The Dark Side
The Dark Side
Many times on the news you hear a report about a shooting, killing or violent incident and the person at the heart of the incident is passed off as mentally ill, and the society reacts by creating additional laws to protect themselves from the mentally ill.
What many in society still do not understand or realize is that there is a dark side to many of those shootings and violent incidents, there is a dark side that society would rather not have you know about. A dark side that happens masked just below the public’s eye and awareness, but that is often very real and traumatizing for the Targeted Individual.

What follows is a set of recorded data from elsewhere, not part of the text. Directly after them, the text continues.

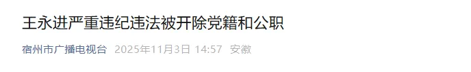 王永进严重违反党的廉洁纪律,构成严重职务违法并涉嫌受贿犯罪,且在党的十八大后不收敛、不收手,性质严重,影响恶劣,应予严肃处理。依据《中国共产党纪律处分条例》《中华人民共和国监察法》《中华人民共和国公职人员政务处分法》等有关规定,经泗县纪委常委会会议研究并报县委批准,决定给予王永进开除党籍处分;由泗县监委给予其开除公职处分;收缴其违纪违法所得;将其涉嫌犯罪问题移送检察机关依法审查起诉,所涉财物一并移送。(泗县纪委监委)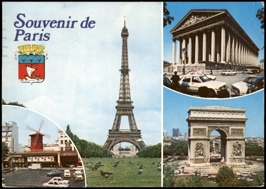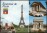 - Eine Ansichtskarte mit dem Titel 'Souvenir de Paris', die eine Collage der bekanntesten Wahrzeichen der Stadt zeigt. Im Zentrum steht der Eiffelturm, umgeben von weiteren Motiven wie dem Moulin Rouge, der Église de la Madeleine und dem Arc de Triomphe. Die Karte wurde vom Verlag Combier Imprimeur Mâcon (CIM) herausgegeben und trägt die Seriennummer 75.056.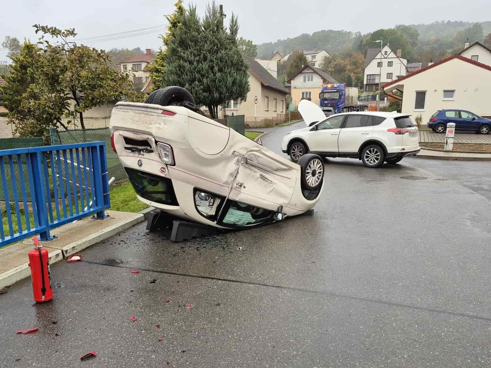 Řidička z převráceného vozu utrpěla zranění a skončila v péči posádky zdravotnické záchranné služby. Druhý řidič vyvázl bez zranění, hasiči mu však poskytli tepelný komfort ve svém zásahovém automobilu, než dorazila policie.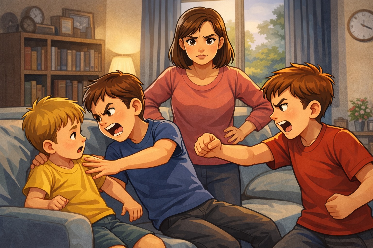 As this is a repeated and predictable pattern, the parent is keen to intervene in a way that breaks the cycle rather than simply reacting to individual incidents. The parent has told the older children that the issue will be discussed later today when they return from school.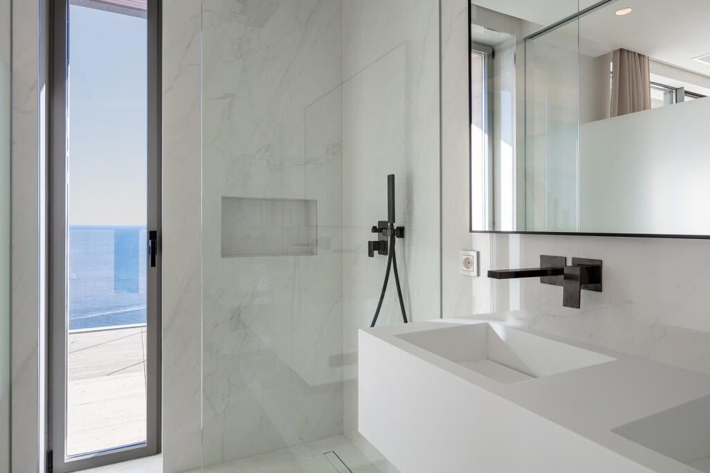 Upper Level: A Sanctuary of Tranquillity The upper floor is dedicated to the sleeping quarters, with three ensuite guest bedrooms, each featuring fitted wardrobes, luxurious finishes, and private terrace access. The pièce de résistance is the master suite—a true sanctuary of indulgence. With its freestanding bathtub positioned to overlook the Mediterranean, a private terrace, and a spacious dressing area, the master suite redefines relaxation and luxury.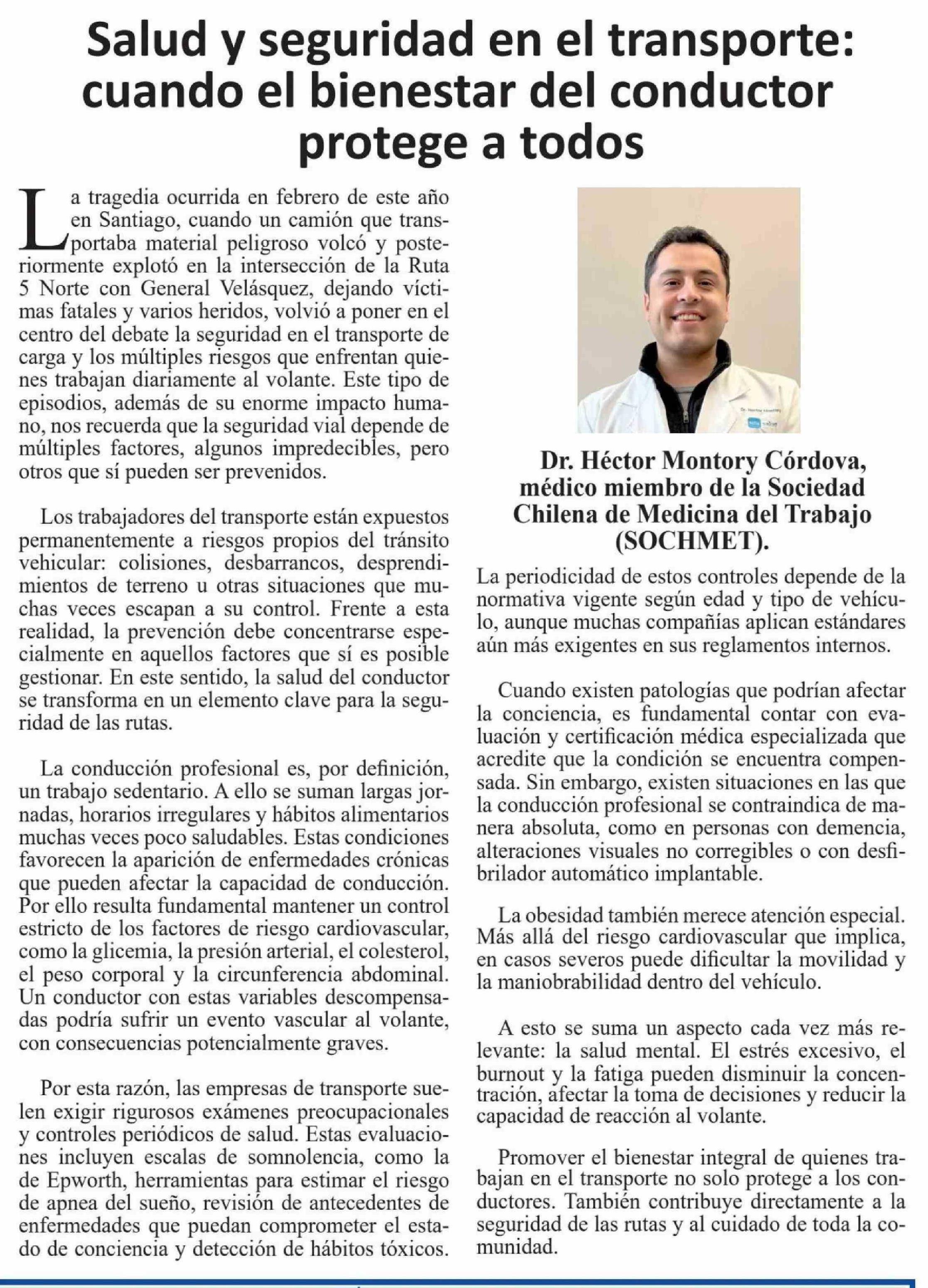 Título: Columnas de Opinión: Salud y seguridad en el transporte: cuando el bienestar del conductor protege a todos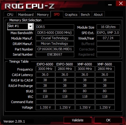 頻率DDR5-6000,電壓1.1V,時序CL36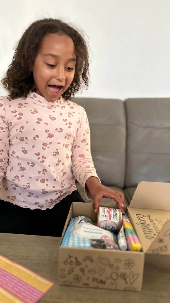 Offrir la box enfant mensuelle Mademoiselle Confettis, c’est choisir un cadeau qui combine émotion, surprise et qualité.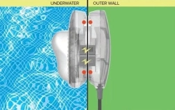 2. glatka promjena 4 boje LED zidno svjetlo za bazen koristi magnetsku tehnologiju za stvaranje rasvjetnog sustava koji sigurno generira električnu struju niskog napona kroz stijenku bazena do snažnog LED svjetla postavljenog unutar bazena.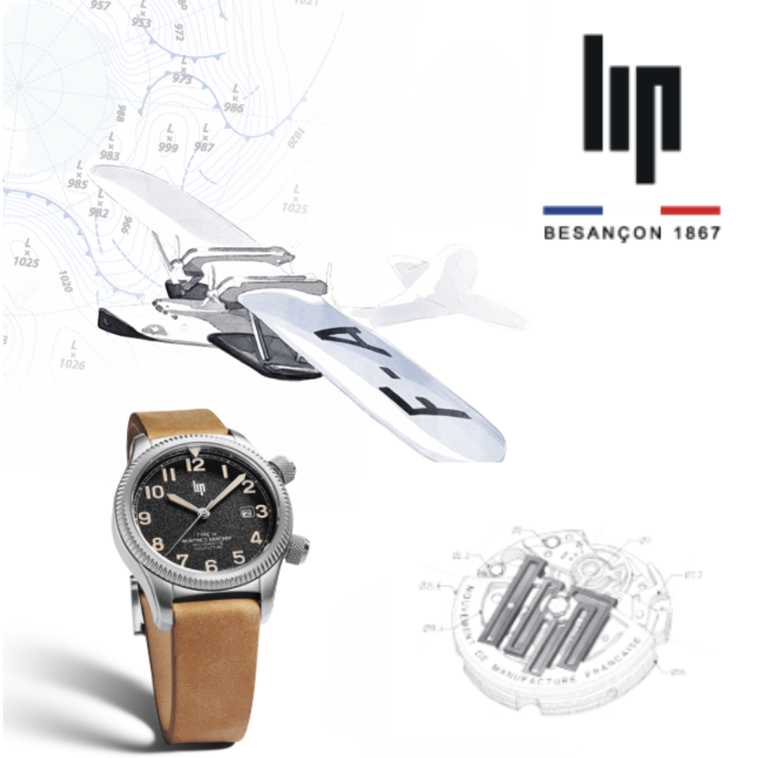 Dès 1935, LIP équipe l’aviation avec des instruments de bord comme la Type 10, installée dans l’avion de Jean Mermoz. Conçues pour résister aux conditions extrêmes, ces montres privilégient lisibilité, fiabilité et précision.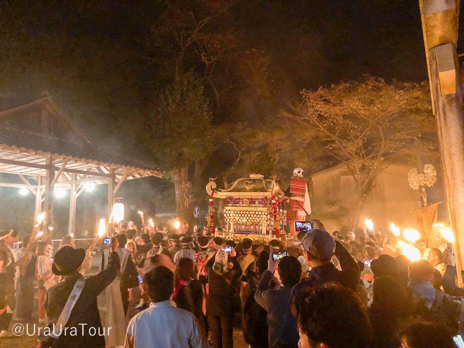 最高潮も過ぎ去り人々は帰路につき始める、午後9時過ぎ。もうひとつの「鞍馬の火祭」が始まるのをご存じでしょうか。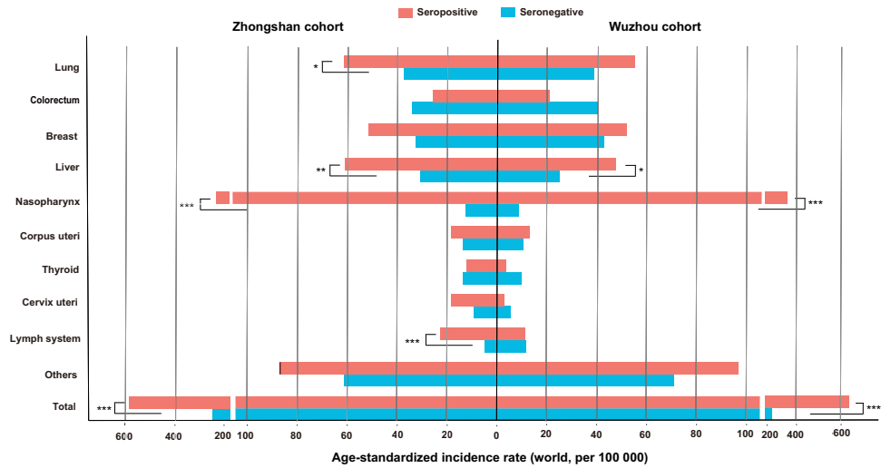 VCA-IgA阳性组总癌症年龄标准化发病率(ASR)显著高于阴性组:中山队列(592.73 vs 253.77/10万人年,P=1.32×10-9),梧州队列(650.10 vs 262.45,P=2.81×10-11)。除预期的鼻咽癌差异外,中山队列阳性组肺癌(62.75 vs 37.16)、肝癌(60.65 vs 31.30)和淋巴瘤(22.67 vs 5.39)的ASR均显著升高。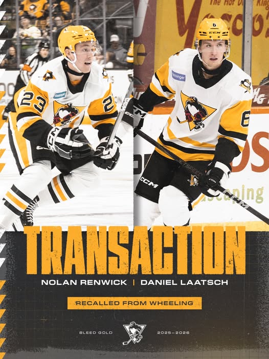 Nolan Renwick and Daniel Laatsch are joining the Penguins after being recalled from the Wheeling Nailers. https://www.wbspenguins.com/renwick-and-laatsch-recalled-from-wheeling/ (fb)

In many of these cases if you look deeper into these incidents you will often discover that there was more to the story. Before the target had a history of “mental illness”, the target often had complaints of mobbing, bullying, or harassment of some kind. Often times the Target might not even have a term to go with the form of harassment that is happening to them. They often describe individuals around them, or even complete strangers as being mean, taunting, doing little incidents to provoke them. Many of these targets have complained for years about the targeting, but with each successive complaint their actions are often passed off as mental illness. Their very real concerns that some type of organized or systemic harassment, is happening around them often goes unheeded, unheard, and the target might even be forcefully committed by concerned family. When the reality is that the target has been exposed continually overtime to a psychological operation of harassment and provocations, that would be capable of breaking down most of the sane of individuals.
Recently society has become more familiar with terms such as mobbing and bullying.

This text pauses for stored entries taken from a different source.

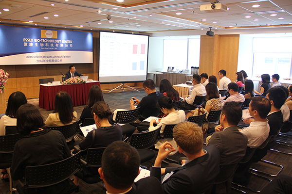 2016年8月8日,亿胜生物科技有限公司于香港regus会议中心举办公司2016年中期业绩发布会。董事总经理方海洲先生出席了本次发布会。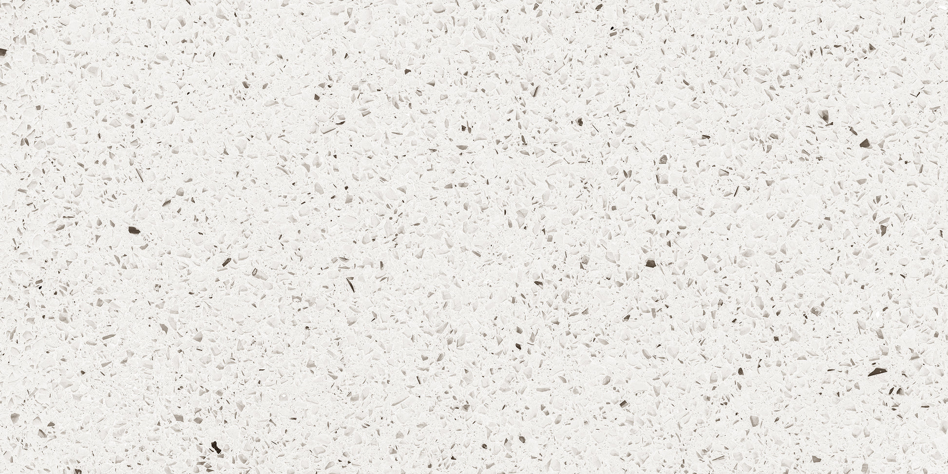 Glossy tile displaying a white quartz surface, specifically identified as Arctic starburst quartz , featuring a speckled pattern with various shades of grey and black. It's made of crushed quartz minerals combined with resins and pigments. Its glossy surface enhances the vibrancy of the material and its embedded flecks. It's able to withstand scratches, stains heat and its non-porous nature makes it hygienic and easy to maintain. It's commonly used for kitchen tops, counter tops, vanity tops, and other surfaces in both residential and commercial settings due to to its artistic appeal and practical merits. It can be used for floor as well because of its terrazzo look.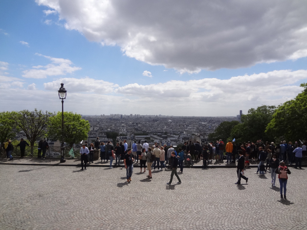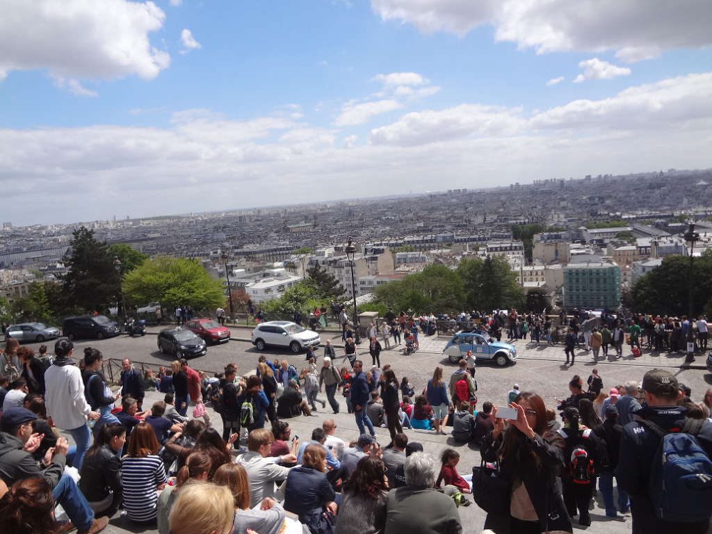 여행자들이 계단에 앉아 파리 시가지를 구경 하길래 우리도 앉아서 시가지 풍경을

en.wikipedia.org/wiki/Mobbing
Mobbing in the context of human beings either means bullying of an individual by a group in any context, or specifically any workplace bullying.
Though the English word mob denotes a crowd, often in a destructive or hostile mood, German, Polish, Italian and several other European languages have adopted mobbing as a loanword to describe all forms of bullying including that by single persons. The resultant German verb mobben can also be used for physical attacks, calumny against teachers on the internet and intimidation by superiors, with an emphasis on the victims’ continuous fear rather than the perpetrators’ will to exclude them. The word may thus be a false friend in translation back into English, where mobbing in its primary sense denotes a disorderly gathering by a crowd and in workplace psychology narrowly refers to “ganging up” by others to harass and intimidate an individual.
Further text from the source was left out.